From a Price-to-Sales (P/S) perspective, the stock trades at roughly 0.2x to 0.25x, which is generally considered undervalued compared to the European Auto Components industry average of approximately 0.3x. Analysts have noted that the stock trades significantly below its estimated future cash flow value, with some price targets suggesting an upside of over 40% from current levels (around 8.5p).
How has the AUTG stock price performed over the past year compared to its peers?
Over the past year (ending May 2026), AUTG has shown strong recovery momentum. The share price increased by approximately 21.43% over the 12-month period. This performance has slightly outperformed the FTSE All Share Index by about 1.65%.
While the stock has been volatile—hitting a 52-week low of 4.28p in September 2025 before recovering to the 8.5p–9.5p range—it has outperformed several smaller peers in the automotive sector that have struggled with supply chain disruptions and lower production volumes.

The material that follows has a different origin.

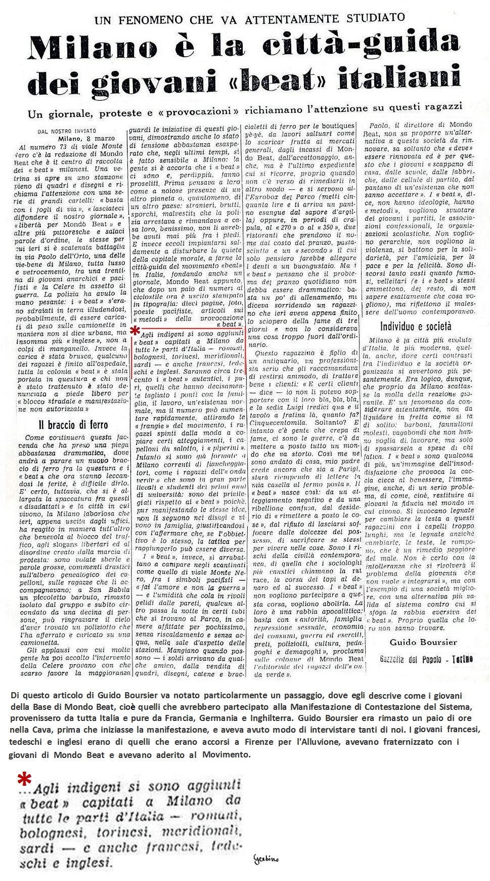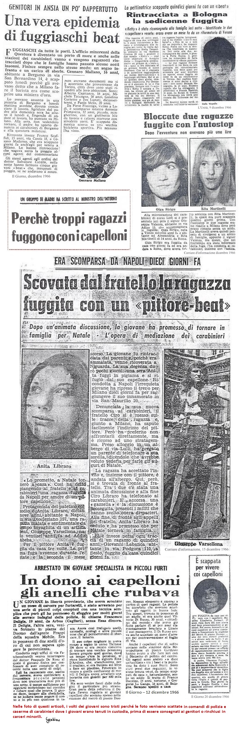 Il fenomeno di giovani che da tutta Italia fuggivano da casa e venivano a Milano per unirsi ai giovani di Mondo Beat aveva già fatto notizia dal dicembre 1966. Qui alcuni articoli apparsi a dicembre di quell'anno

Are there any recent positive or negative developments in the industry affecting Autins?
Positive: The company secured major new business worth £12.0 million in the UK and €4.3 million in Germany, providing strong revenue visibility for FY27 and FY28. The ongoing transition to Electric Vehicles continues to increase the "value per vehicle" for Autins' lightweight insulation materials.
Negative: The industry remains sensitive to global automotive production volumes and supply chain shocks. A notable recent headwind was a cyber-attack at a major UK customer (JLR), which temporarily disrupted production schedules and impacted Autins' FY26 revenue.
Have any major institutions recently bought or sold AUTG stock?
Autins Group has a concentrated institutional shareholder base. Major shareholders include Truetide Plc (holding approximately 29.1%), Schroder Investment Management (approx. 24%), and Stonehage Fleming Investment Management (approx. 19%).
Recent activity includes Braveheart Investment Group increasing its stake by 1.93 million shares. Institutional ownership remains high for a company of its size, at approximately 48% to 62% depending on the reporting platform, indicating continued professional support for the company's "Survive and Thrive" turnaround strategy.